◆ **Work required**: Would you repeat word for word the lines of the listing that follows, from the one with "In the panel" up to and including the one with "Festooned with embroidered", and leave out the images?

◆ **Stored data**:
[Start of Attachment]
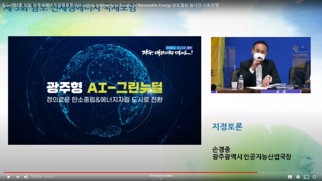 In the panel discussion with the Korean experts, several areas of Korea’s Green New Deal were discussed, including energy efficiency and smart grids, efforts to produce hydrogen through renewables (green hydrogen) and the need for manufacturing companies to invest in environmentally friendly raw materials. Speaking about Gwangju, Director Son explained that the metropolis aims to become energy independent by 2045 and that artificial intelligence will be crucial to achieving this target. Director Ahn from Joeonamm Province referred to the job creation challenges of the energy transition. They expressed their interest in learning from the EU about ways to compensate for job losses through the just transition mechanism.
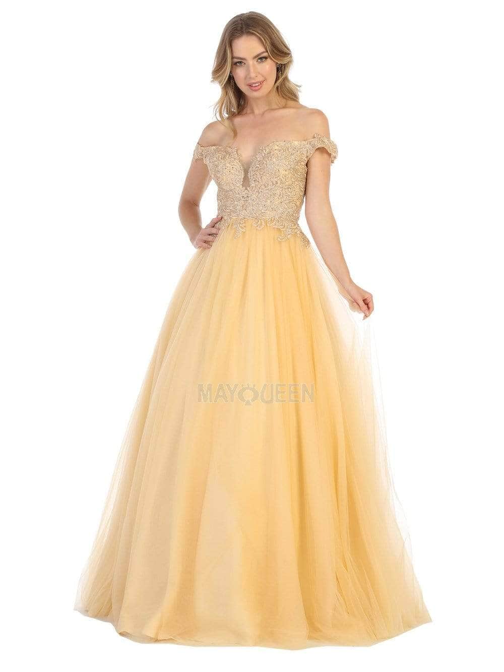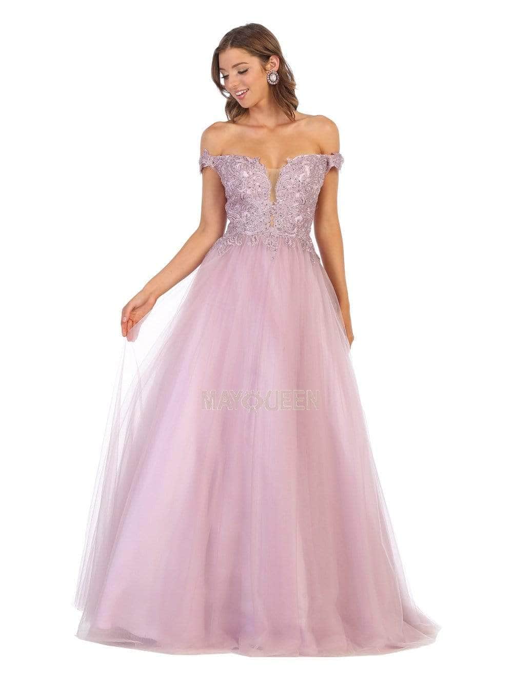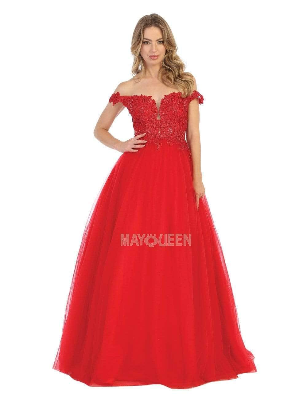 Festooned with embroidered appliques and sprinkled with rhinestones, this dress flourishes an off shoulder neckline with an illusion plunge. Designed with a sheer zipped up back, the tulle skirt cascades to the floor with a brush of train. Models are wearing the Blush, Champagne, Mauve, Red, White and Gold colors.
[End of Attachment]
[Start of Attachment]
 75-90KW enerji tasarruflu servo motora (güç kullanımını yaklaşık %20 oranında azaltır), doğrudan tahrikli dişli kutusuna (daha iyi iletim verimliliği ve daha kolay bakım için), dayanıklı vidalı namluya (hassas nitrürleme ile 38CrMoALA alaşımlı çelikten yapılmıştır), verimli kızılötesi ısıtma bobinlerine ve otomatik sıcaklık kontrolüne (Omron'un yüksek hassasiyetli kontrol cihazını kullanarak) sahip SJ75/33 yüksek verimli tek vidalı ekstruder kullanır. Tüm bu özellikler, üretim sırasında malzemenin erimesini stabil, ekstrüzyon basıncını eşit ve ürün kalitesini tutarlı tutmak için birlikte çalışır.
[End of Attachment]
◆ **Response**:
 In the panel discussion with the Korean experts, several areas of Korea’s Green New Deal were discussed, including energy efficiency and smart grids, efforts to produce hydrogen through renewables (green hydrogen) and the need for manufacturing companies to invest in environmentally friendly raw materials. Speaking about Gwangju, Director Son explained that the metropolis aims to become energy independent by 2045 and that artificial intelligence will be crucial to achieving this target. Director Ahn from Joeonamm Province referred to the job creation challenges of the energy transition. They expressed their interest in learning from the EU about ways to compensate for job losses through the just transition mechanism.
 Festooned with embroidered appliques and sprinkled with rhinestones, this dress flourishes an off shoulder neckline with an illusion plunge. Designed with a sheer zipped up back, the tulle skirt cascades to the floor with a brush of train. Models are wearing the Blush, Champagne, Mauve, Red, White and Gold colors.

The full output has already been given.